Prior to ordination ministry, Taylor worked as an urban planner in the 1980s, during which she led an Australian aid project to restore and categorise European-built heritage buildings in Tianjin, China. During this time, she was influenced by seeing church buildings used as factories or warehouses and realising that many locals did not have access to a church. Her work in China was interrupted by the 1989 Tiananmen Square protests. She returned to Australia, to Melbourne, where she became Senior Lecturer in Urban Studies at Victoria University of Technology.
After giving birth to her daughter, Taylor commenced theological studies in 1993. Following her studies, she served in the Diocese of Melbourne, including as vicar of St John's Camberwell and as Archdeacon of Kew.

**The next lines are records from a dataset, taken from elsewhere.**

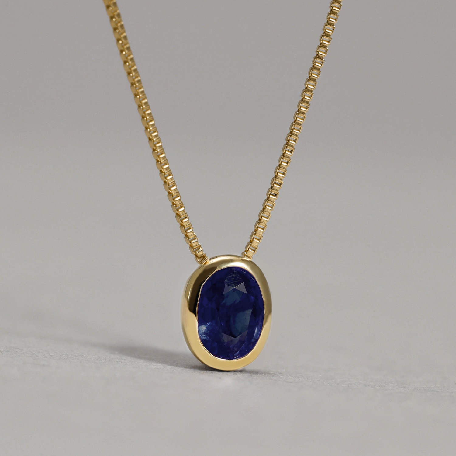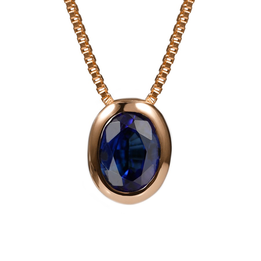 0.2カラットアップのロイヤルブルーサファイアを地金で丁寧に包み込んだベゼルセッティングのネックレス。
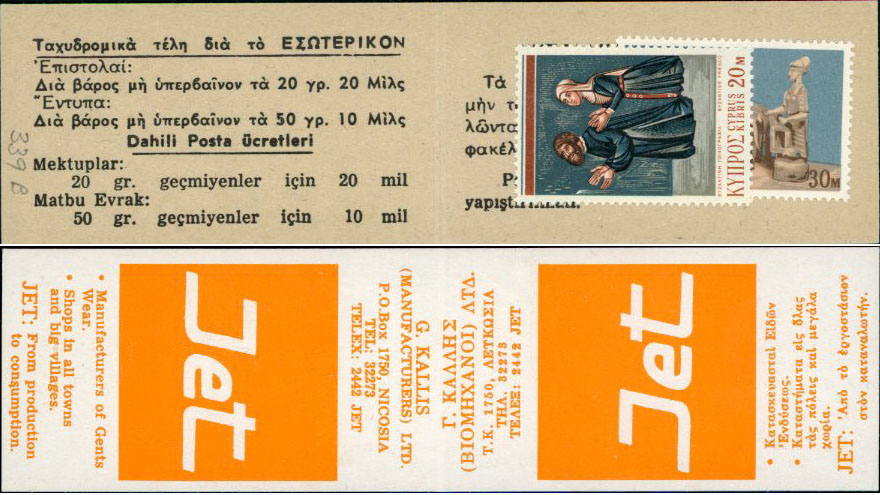Cyprus: 1976 Jet Menswear Christmas stamps booklet.
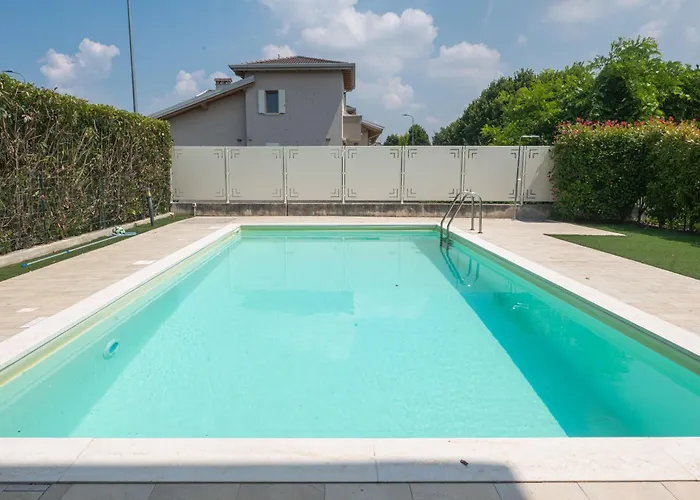 Le domicile de 90 m² se trouve à 3 km du centre-ville de Peschiera del Garda. Le Parc à thème Gardaland est accessible en 10 minutes de route, tandis que l'aéroport de Vérone est à 25 km. Timetofreedom Apartment With Private Garden & Pool est situé à environ 15 minutes en voiture de la Fuga da Atlantide.
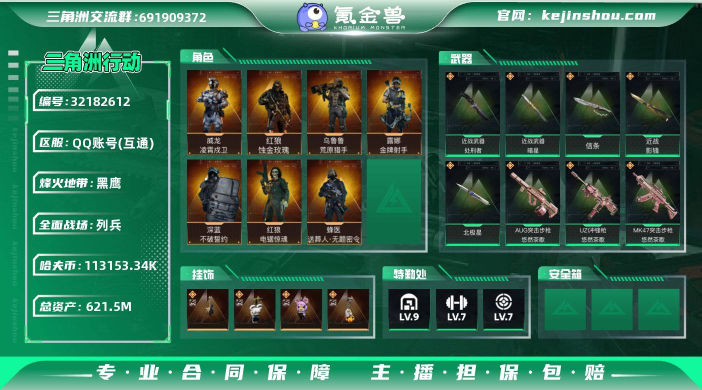 实名:可二次实名 总资产:621.5M 哈夫币:113153.34K 烽火地带段位:黑鹰 烽火地带等级:60 全面战场段位:列兵 全面战场等级:10 9级仓库,7级训练中心,7级靶场,5级指挥中心,1级潜水中心,3级防具台,3级工作台,3级制药台,3级技术中心,1级收藏室 战术部门等级:3 战斗部门等级:2 医疗部门等级:3 研发部门等级:3 后勤部门等级:3 曼德尔砖-气象感应:0 曼德尔砖-命运王牌:0 曼德尔砖-电玩高手:0 曼德尔砖-美杜莎:0
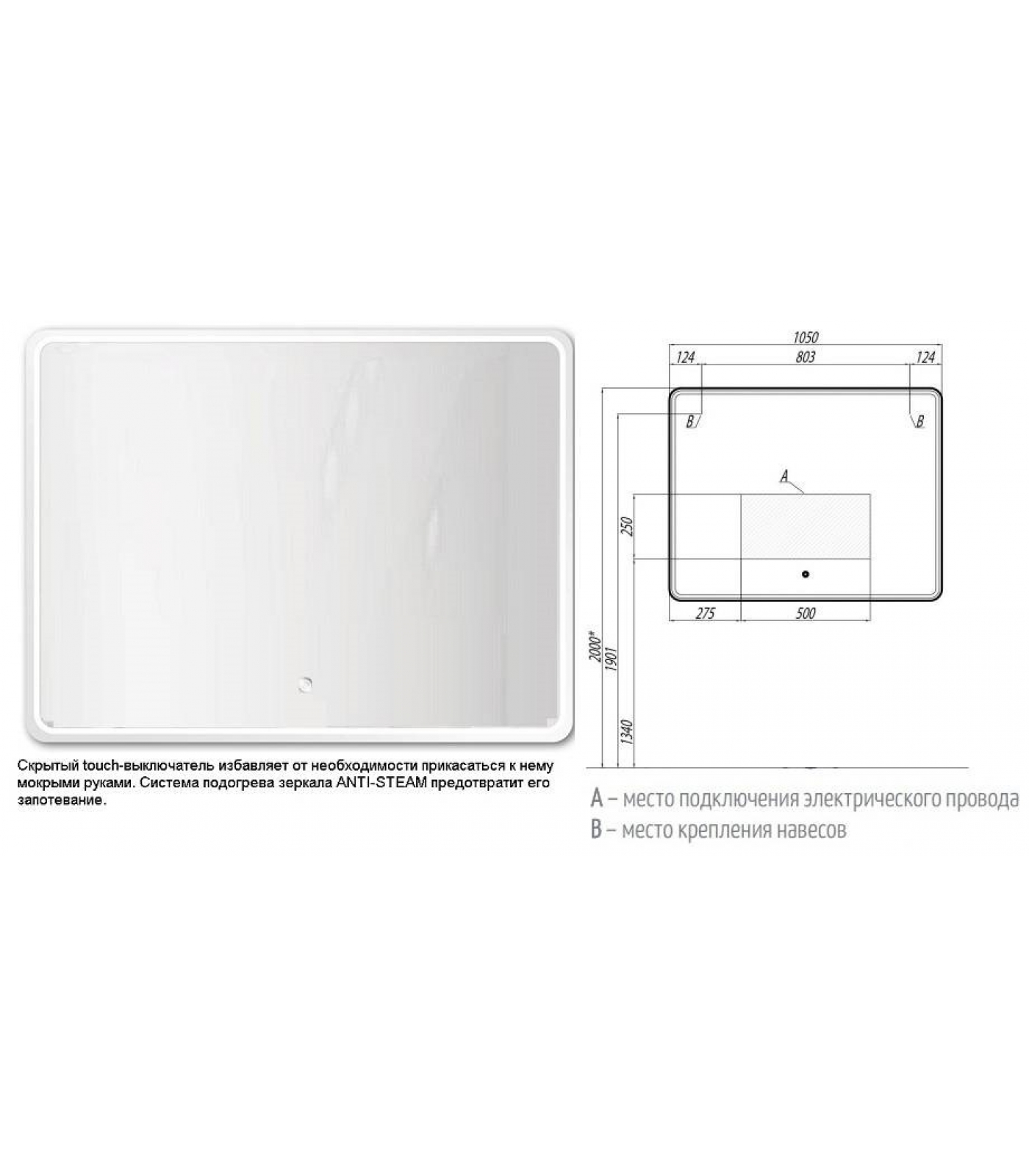Зеркало с фацетом по периметру украшено декоративной LED-подсветкой и оснащено изящным touch-выключателем, встроенным за зеркальным полотном. Touch-выключатель работает от легкого прикосновения и удобно расположен в нижней части зеркала по центру. Алюминиевый каркас обеспечивает легкость конструкции. Зеркало также оснащено системой ANTI-STEAM, которая предотвращает его запотевание.

In December 2012, it was announced that Taylor would take up the position as an assistant bishop for the Southern Region of the Diocese of Brisbane, replacing Geoffrey Smith who was had become general manager of the diocese. As part of her ministry, she looked after 47 parishes stretching from the south of the Brisbane River down to Coolangatta, and she looked after 14 schools run by the Diocese.
Taylor was formally farewelled from her ministry on 2 December 2017 and was succeeded by John Roundhill. She returned to Melbourne to take up doctoral studies on the theology related to the Royal Commission into Institutional Responses to Child Sexual Abuse.
Taylor is married to Trevor and has one daughter.